This structure is composed by two cascaded-connected H-bridges per phase, each of them requiring its DC source. The latter represents an advantage with respect to the other multilevel structures (i.e., the Diode Clamped Multilevel Inverter or the Capacitor Clamped Multilevel Inverter) for specified fields of applications, such as photovoltaic generation and automotive. Another advantage is represented by the modulability of the structure, providing a high simplicity in case of substituting damaged modules. Moreover, the CHBMI is intrinsically fault-tolerant, as reported in [34]. Generally, the number of levels n_L can be expressed as a function of the number of the H-bridges, here named n_HB:

$$n_L=2n_{HB}+1$$

(1)

The output converter voltage (e.g., for phase a) is given by the sum of the voltages generated by the n series-connected modules of each phase:

$$V_a={\displaystyle \sum }_{i=1}^n{V}_{AN,i}$$

(2)

Therefore, the CHBMI is capable of generating a five-level phase voltage and a nine-level line-to-line voltage.

3. Overview of Multicarrier Modulation Techniques

The PWM techniques adopted for multilevel converters, namely MC PWM [35,36,37,38,39,40], are usually the same as those applied for traditional converters. The common techniques for Multilevel Power Inverter (MPI) use several triangular carrier signals and one modulating signal per phase. By taking into account the CHBMI topology, the command signals delivered to the components of the same leg of the bridge are obtained through the comparison between each carrier signal and the modulating signal. For a MPI with a number of levels equal to n_L, the number of carrier signals N_c is given by the following equation:

$$N_c=n_L-1$$

(3)

The modulation index m can be expressed as function of n_L:

$$m=\frac{A_M}{A_C\left(n_L-1\right)}$$

(4)

where A_M is the amplitude of the modulating signal, whereas A_C is the amplitude of the carrier signal.

Moreover, the frequency modulation index, namely m_f, is given by the ratio between the frequency of the carrier signal f_C and the frequency of the output fundamental signal f₁:

$$m_f=\frac{f_C}{f_1}$$

(5)

In the literature, several MC PWM modulation techniques for multilevel inverters are provided. In particular, depending on the phase shift among the carrier signals, the following dispositions can be obtained:

• Phase Disposition PWM–PD PWM (Figure 2a);
• Phase Opposition Disposition PWM–POD PWM (Figure 2b);
• Alternative Phase Opposition Disposition PWM APOD PWM (Figure 2c);
• Phase Shifted - PS PWM (Figure 2d).

Depending on the modulating signal waveform, the following techniques can be obtained:

• Sinusoidal PWM–S (Figure 3);
• Third Harmonic Injection–THI (Figure 4);
• Switching Frequency Optimal–SFO (Figure 5);

4. FPGA Design of the Control Software

The FPGA is commonly used in order to implement complex functions, such as Arithmetic Logic Unit (ALU), memories, communication units and so on [2]. It can be stated that this digital device, due to both its flexibility and high number of configurable digital outputs, is suitable for the implementation of the modulation techniques by using the traditional formula for the evaluation of the duty cycle, providing also higher accuracy in terms of design of the related algorithm, due to the possibility of choice of the frequencies for the clock signals. This section describes the main technical aspects related to the design, implementation and simulation of the control software.

4.1. Features of the Control Software

In order to design a digital system capable of generating the carrier and modulating signals and compare them in an adequate manner, the operations must be synchronized with respect to the chosen operating frequency.
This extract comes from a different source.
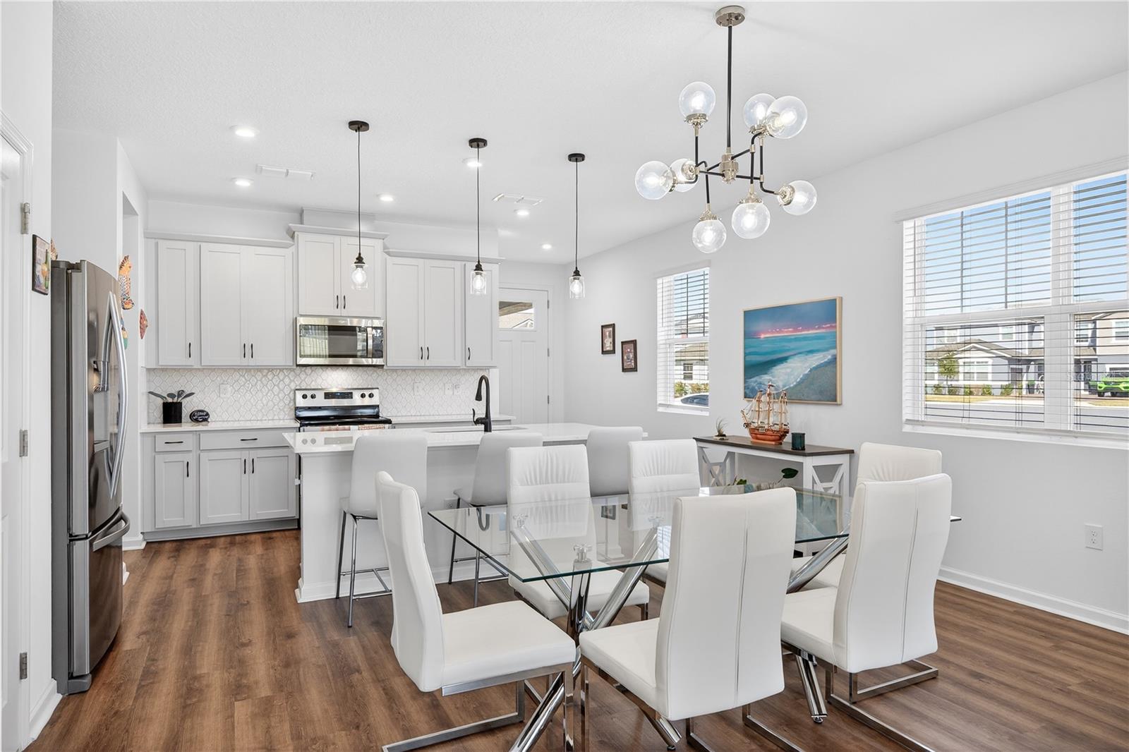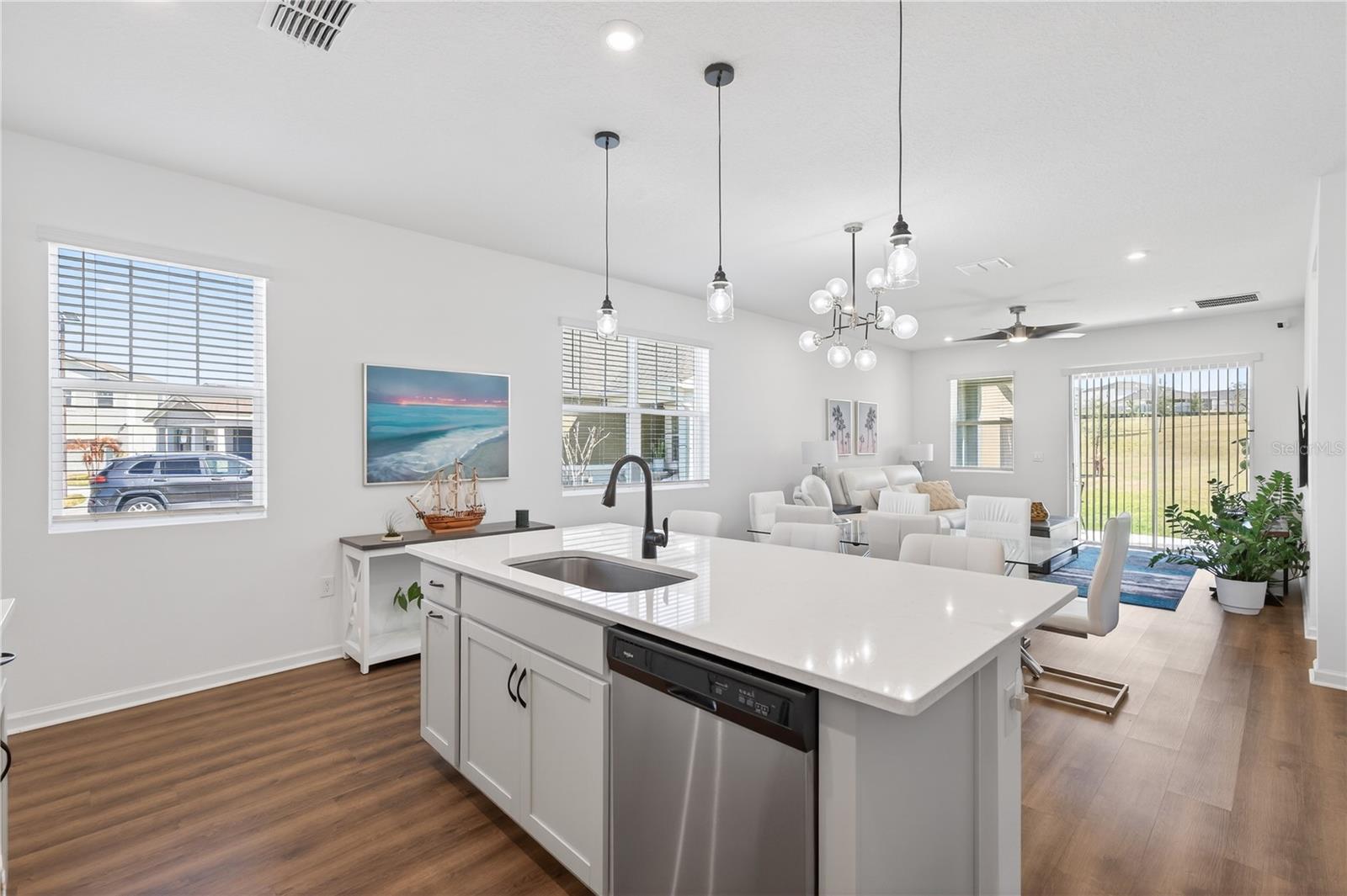 Experience refined, low-maintenance living in this BEAUTIFULLY designed, move-in-ready 3-bedroom, 3-bath villa with a versatile loft, ideally located in a desirable gated community on an oversized lot. The first floor features luxury laminate flooring throughout the main living areas, with two split bedrooms and two full bathrooms, including a serene primary suite. The updated kitchen showcases quartz countertops and stainless steel appliances, blending style and functionality. The primary suite offers a large walk-in closet, and the ensuite includes dual sinks, a large vanity, and a separate shower. Upstairs, the expansive loft provides additional living space, perfect for movie nights, game nights, or a media or lounge area, along with the third bedroom and a full bathroom, ideal for guests or multigenerational living. Enjoy effortless indoor-outdoor living on the covered patio and the convenience of all appliances included, upgraded ceiling fans and light fixtures throughout, and newly installed gutters (2026). The two-car garage is EV-ready with a dedicated charging outlet. Conveniently located near shopping and dining, with easy access to major highways, including Florida Turnpike, Hwy 50, Hwy 27, and the 429. Residents enjoy resort-style amenities, including a pool, playground, splash pad, dog park, and fitness center—offering a refined lifestyle with everyday convenience. CALL today to schedule a private tour.

The converter has been controlled with a modulating frequency equal to 10 kHz. The number of samples of the modulating signal is chosen based on the type of modulation. With the purpose of obtaining a synchronous modulation, the number of samples n_s, which are required in the construction of the 50 Hz modulating signal, is given by:

$$n_s=\frac{f_{PWM}}{50}.$$

(6)

From Equation (6), the number of obtained samples for the modulating wave is equal to 200. The updating of the modulating samples is managed with a CLK_reference clock signal with a frequency equal to f_PWM.

The number of samples of the carrier waves N_carrier has been chosen equal to 1000 in order to obtain a good resolution. Based on this value, the frequency of the clock signal for the updating of the carrier samples can be determined as follows:

$$CL{K}_{carrier}=f_{PWM}·N_{carrier}$$

(7)

Thus, the frequency of the CLK_carrier clock signal obtained from Equation (7) is equal to 10 MHz.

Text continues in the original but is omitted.